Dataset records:

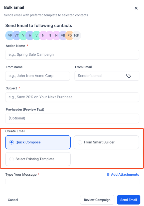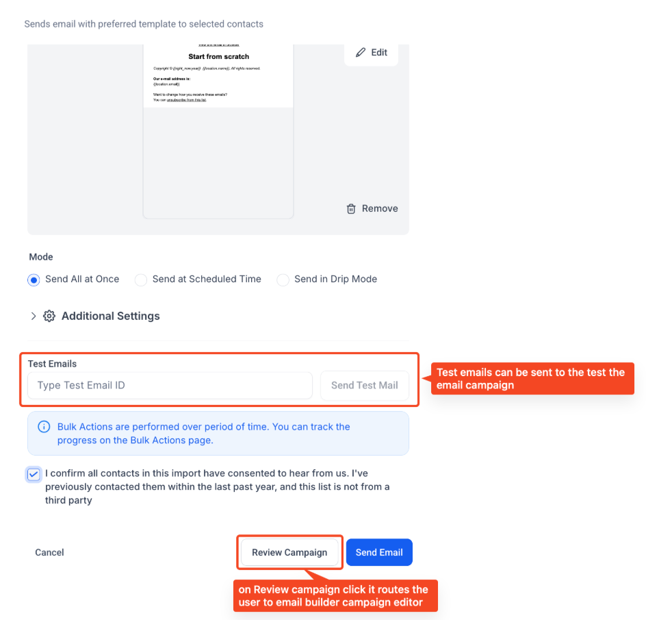 Choose a template or start from scratch. Add subject, from/sender profile, and content.
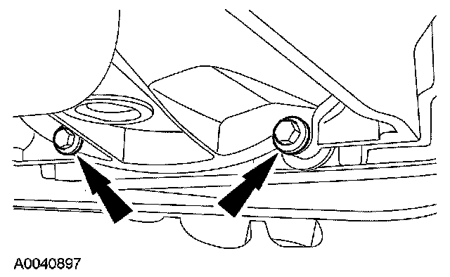 7. Remove the rear transmission crossmember-to-floor pan screws.
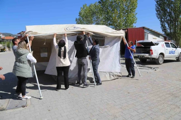 DENİZLİ (İHA) – Denizli’nin Çameli ilçesinde, belediye personelleri ve mahalle muhtarlarına ilkyardım ve afetlere hazırlık eğitimi verildi. Çameli Belediyesi personellerine, Denizli Afet ve Acil Durum (AFAD) İl Müdürlüğü uzman personelleri tarafından belediyenin şantiye alanında “Afet Anında Çadır Kurma” eğitimi verildi. Eğitime katılım gösteren belediye personelleri, AFAD görevlisiyle beraber afet çadırı kurdu. Verilen eğitimde, çadır kurarken dikkat edilecek hususlar hakkında de bilgi verildi. Belediye personellerine verilen afet anında çadır kurma eğitiminin ardından belediye konferans salonunda, mahalle muhtarlarına yönelik "İlkyardım ve Afet Hazırlığı" eğitimi gerçekleştirildi. Uzman personeller tarafından verilen eğitimde, ülkemiz genelindeki afet bölgeleri tanıtıldı ve afete karşı alınacak tedbirler hakkında görüş alışverişinde bulunuldu.
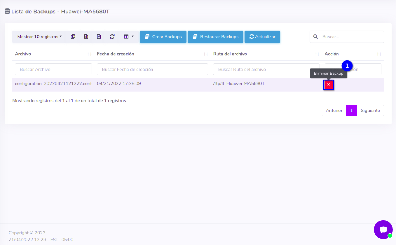 Al realizar estos pasos en su terminal, la OLT creara y mandara un respaldo en el servidor FTP de AdminOLT, el cual puede ser visualizado en la Lista de Backups
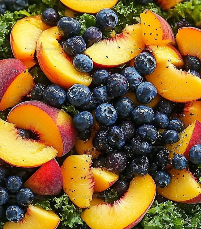 - Transfer massaged kale into a spacious serving vessel, then artfully arrange juicy peach slices, plump blueberries, thinly sliced crimson onion, and crunchy almond slivers across the leafy base.
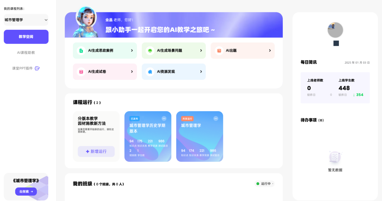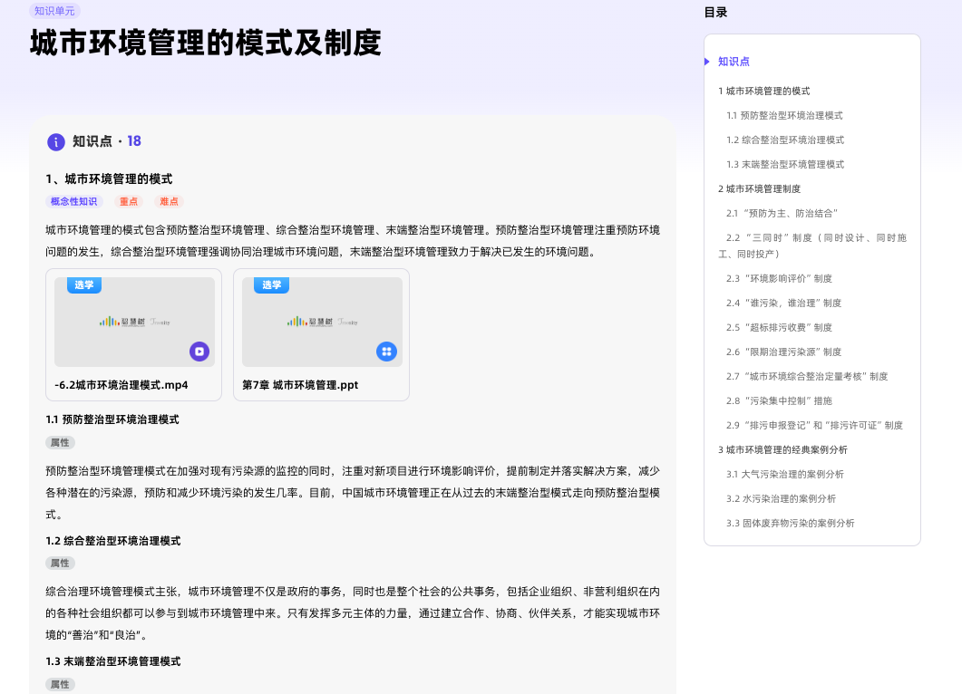 《城市管理学》课程后台配备多样化教学工具,如AI生成课程思政案例、AI生成场景问题、AI知识点出题等等,赋能课程建设、教师备课、课堂教学及应用各个环节。
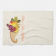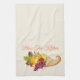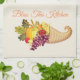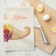 Kitchen towel shown in a off white colour with a art print of a Thanksgiving cornucopia. Text of "Bless This Kitchen" above cornucopia.
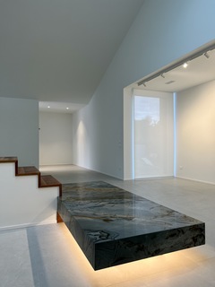 L’ariosa zona living a doppia altezza è dotata di vetrate a tutta altezza affacciate sul giardino di proprietà esclusiva e sulla piscina: uno sfondamento visivo che dall'interno permette un dialogo costante con il paesaggio.
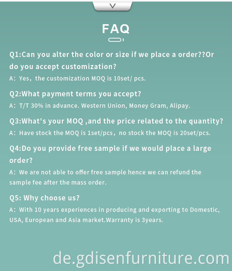 Wir besaßen ein Team von Forschung und Entwicklung mit professionellem Wissen mit der Gestaltung moderner Möbel. Wenn wir einen neuen Artikel erhalten, werden wir zuerst die Kosten für die Produkte schätzen und dann versuchen, einen Plan für die Produktion zu machen, um einen Gewinn für einander zu erzielen. Wir werden die Techniken mit Kunden diskutieren. OEM -Design von Kunden sind willkommen.
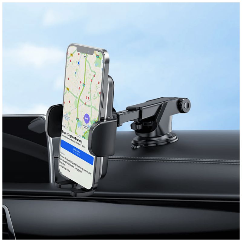 Univerzalni auto držač za smartphone, tablete, navigacije 4.5 - 6.7", raspon stezaljki 55 - 95 mm, vakuum držač, za staklo ili kontrolnu konzolu, dimenzije 170 x 70 x 110 mm.
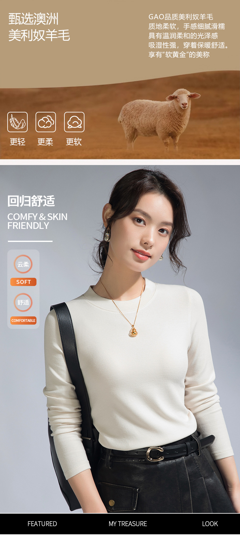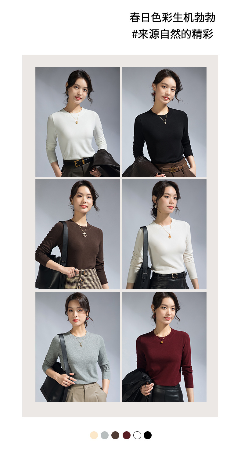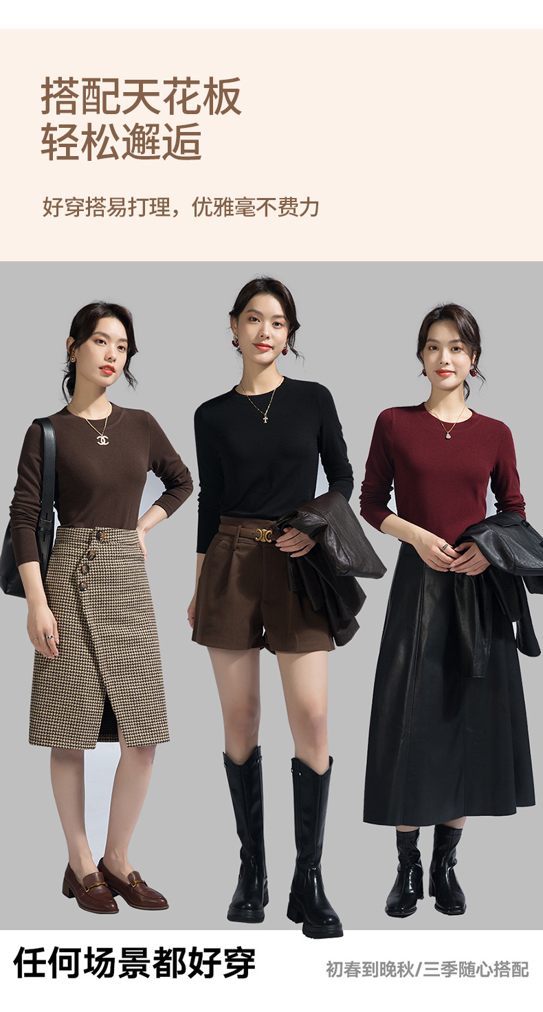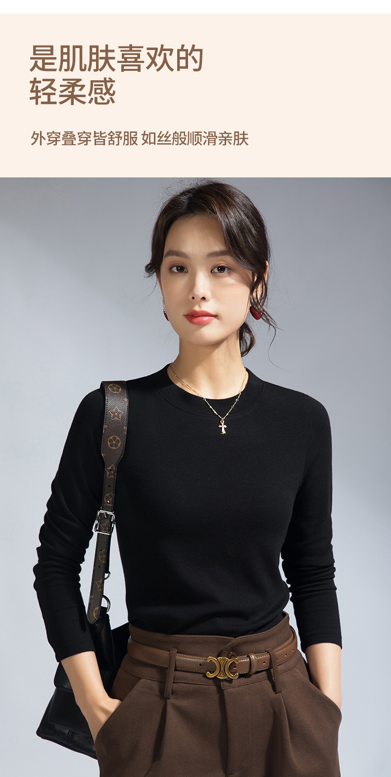 【自】全新升级【铂金会员109/天猫149/差价40】(41241) 洛诗琳绵羊毛打底衫2025春季新款长袖t恤圆领修身显瘦上衣
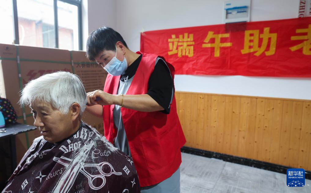 6月5日,志愿者在東白湖鎮東白山村文化禮堂給老人義務理發。
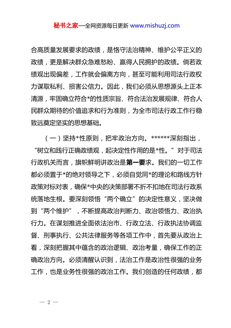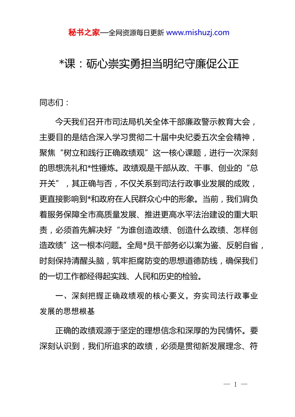 秘书之家—全网资源每日更新 www.mishuzj.com*课:砺心崇实勇担当明纪守廉促公正同志们:今天我们召开市司法局机关全体干部廉政警示教育大会,主要目的是结合深入学习贯彻二十届中央纪委五次全会精神,聚焦“树立和践行正确政绩观”这一核心课题,进行一次深刻的思想洗礼和*性锤炼。政绩观是干部从政、干事、创业的“总开关”,其正确与否,不仅关系到司法行政事业发展的成败,更直接影响到*和政府在人民群众心中的形象。当前,我们肩负着服务保障全市高质量发展、推进更高水平法治建设的重大职责,必须首先解决好“为谁创造政绩、创造什么政绩、怎样创造政绩”这一根本问题。全局*员干部务必以案为鉴、反躬自省,时刻保持清醒头脑,筑牢拒腐防变的思想道德防线,确保我们的一切工作都经得起实践、人民和历史的检验。一、深刻把握正确政绩观的核心要义,夯实司法行政事业发展的思想根基正确的政绩观源于坚定的理想信念和深厚的为民情怀。要深刻认识到,我们所追求的政绩,必须是贯彻新发展理念、符— 1 —秘书之家—全网资源每日更新 www.mishuzj.com合高质量发展要求的政绩,是恪守法治精神、维护公平正义的政绩,更是解决群众急难愁盼、赢得人民拥护的政绩。倘若政绩观出现偏差,工作就会偏离方向,甚至可能利用司法行政权力谋取私利、损害公信力。因此,我们必须从思想源头上正本清源,牢固确立符合*的性质宗旨、符合法治发展规律、符合人民群众期待的价值追求和行为准则,为全市司法行政工作行稳致远奠定坚实的思想基础。(一)坚持*性原则,把牢政治方向。******深刻指出,“树立和践行正确政绩观,起决定性作用的是*性。”对于司法行政机关而言,旗帜鲜明讲政治是第一要求。我们的一切工作都必须置于*的绝对领导之下,必须自觉同*的理论和路线方针政策对标对表,确保*中央的决策部署不折不扣地在司法行政系统落地生根。要深刻领悟“两个确立”的决定性意义,坚决做到“两个维护”,不断提高政治判断力、政治领悟力、政治执行力。在谋划推进全面依法治市、行政立法、行政执法协调监督、刑事执行、公共法律服务等各项工作中,首先要从政治上看,深刻把握其中蕴含的政治逻辑、政治考量,确保工作的正确政治方向。必须清醒认识到,法治工作是政治性很强的业务工作,也是业务性很强的政治工作。我们创造的任何政绩,都— 2 —秘书之家—全网资源每日更新 www.mishuzj.com应当是彰显*的执政理念、巩固*的执政根基的政绩,是强化*对全面依法治国集中统一领导的政绩。要坚决防止将政治与业务割裂开来的错误倾向,杜绝任何形式的“低级红”、“高级黑”,确保司法行政工作始终沿着中国特色社会主义法治道路坚定前行。要自觉将本职工作融入*和国家事业发展全局、融入全市中心工作来思考和推进,使司法行政工作与*的使命任务同频共振,在服务大局中彰显价值、创造实绩。(二)恪守为民宗旨,践行法治为民。******强调,“共产*人必须牢记,为民造福是最大政绩。”司法行政工作点多、线长、面广,与人民群众的切身利益息息相关。无论是普法宣传引导群众尊法学法,还是人民调解化解基层矛盾;无论是法律援助扶助贫弱群体,还是监狱、社区矫正工作教育改造罪犯,每一项职能都直接关系到人民群众的法治获得感、幸福感、安全感。树立和践行正确政绩观,就必须始终坚持以人民为中心的发展思想,把实现好、维护好、发展好最广大人民根本利益作为一切工作的出发点和落脚点。我们要创造的政绩,应当是让法治阳光普照每一个角落、让公平正义浸润每一寸心田的政绩。这要求我们必须深入基层、深入群众,倾听民声、了解民意,精准把握人民群众在民主、法治、公平、正义、安全、环— 3 —秘书之家—全网资源每日更新 www.mishuzj.com境等方面日益增长的需求。要聚焦人民群众在法治领域的急难愁盼问题,用心用情用力办好每一件立法民意征集、每一次法律咨询、每一桩矛盾纠纷调解、每一例法律援助案件。要坚决反对任何形式主义、官僚主义,不能关起门来搞政策、脱离实际定指标,更不能为了追求所谓的“亮点”、“创新”而忽视解决群众最关心、最直接、最现实的利益问题。真正的政绩,是人民群...
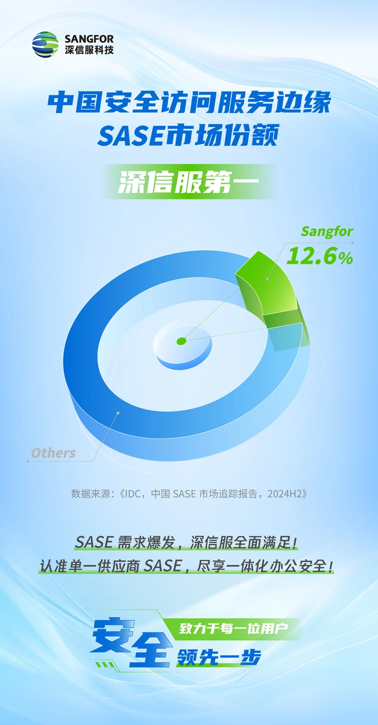 近日,国际数据公司(IDC)发布《中国SASE市场追踪报告,2024H2》。深信服科技凭借全面的SASE解决方案能力,获得市场广泛认可,并以12.6%市场份额位居国内第一。
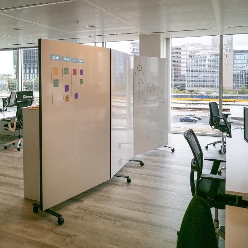 “Als überzeugter und motivierter Agile Leader liegt das ‘Was’ und ‘Warum’ bei Ihnen und das ‘Wie’ bei den Teammitgliedern, die die eigentlichen Spezialisten sind. Der Agile-Coach sorgt dafür, dass diese neue Arbeitsweise gut anläuft und reibungslos weiterläuft. Agile bietet den Rahmen dafür und funktioniert am besten, wenn man zusammen ist. Eine einladende, inspirierende Büroeinrichtung ist daher von entscheidender Bedeutung, ebenso wie verschiedene Werkzeuge, mit denen Sie Ihre Ideen, Pläne und Fortschritte visualisieren können. Wände und Whiteboards sind daher unverzichtbar. Der größte Fehler, der bei der Wahl des Büros noch zu oft gemacht wird, ist, dass zu wenig Fläche angemietet oder genutzt wird, unter anderem für den geräumigen Obeya-Saal und für verschiedene Besprechungsräume unterschiedlicher Größe, einschließlich eines Besprechungsbereichs für effektive Stehsitzungen. Diese Meter werden wegen der interaktiven Arbeitsformen benötigt. Mit Agile bewegen Sie sich buchstäblich im Raum, was die Kommunikation zwischen Ihnen erheblich verbessert. Denken Sie nur daran, wie Sie Ihre Argumente mit Ihrer Körpersprache untermauern. Auch das Kaffeekränzchen als Treffpunkt ist nicht zu unterschätzen, denn viele Entscheidungen werden in einer entspannten Atmosphäre getroffen. Meiner Meinung nach wird die Funktion des Büros für alle, die agil arbeiten, nur noch wichtiger werden. Für die kommende Zeit erwarte ich eine gesunde Mischung aus Heimarbeit und Büroarbeit. Einige Sitzungen, wie z. B. die Besprechung praktischer Fragen unter vier Augen, lassen sich gut online durchführen. Sitzungen, bei denen es um Interaktion, Reflexion und Bewusstseinsbildung geht, können nur im Büro stattfinden, da sie eine wirkliche Vertiefung der gegenseitigen Beziehungen erfordern. Das ist online nicht machbar.”

=== REQUIRED ACTION ===
Starting at the first line of the records above, set down each line exactly through the one that holds "7. Remove the". Omit pictures.

=== WRITTEN SOLUTION ===
 Choose a template or start from scratch. Add subject, from/sender profile, and content.
 7. Remove the rear transmission crossmember-to-floor pan screws.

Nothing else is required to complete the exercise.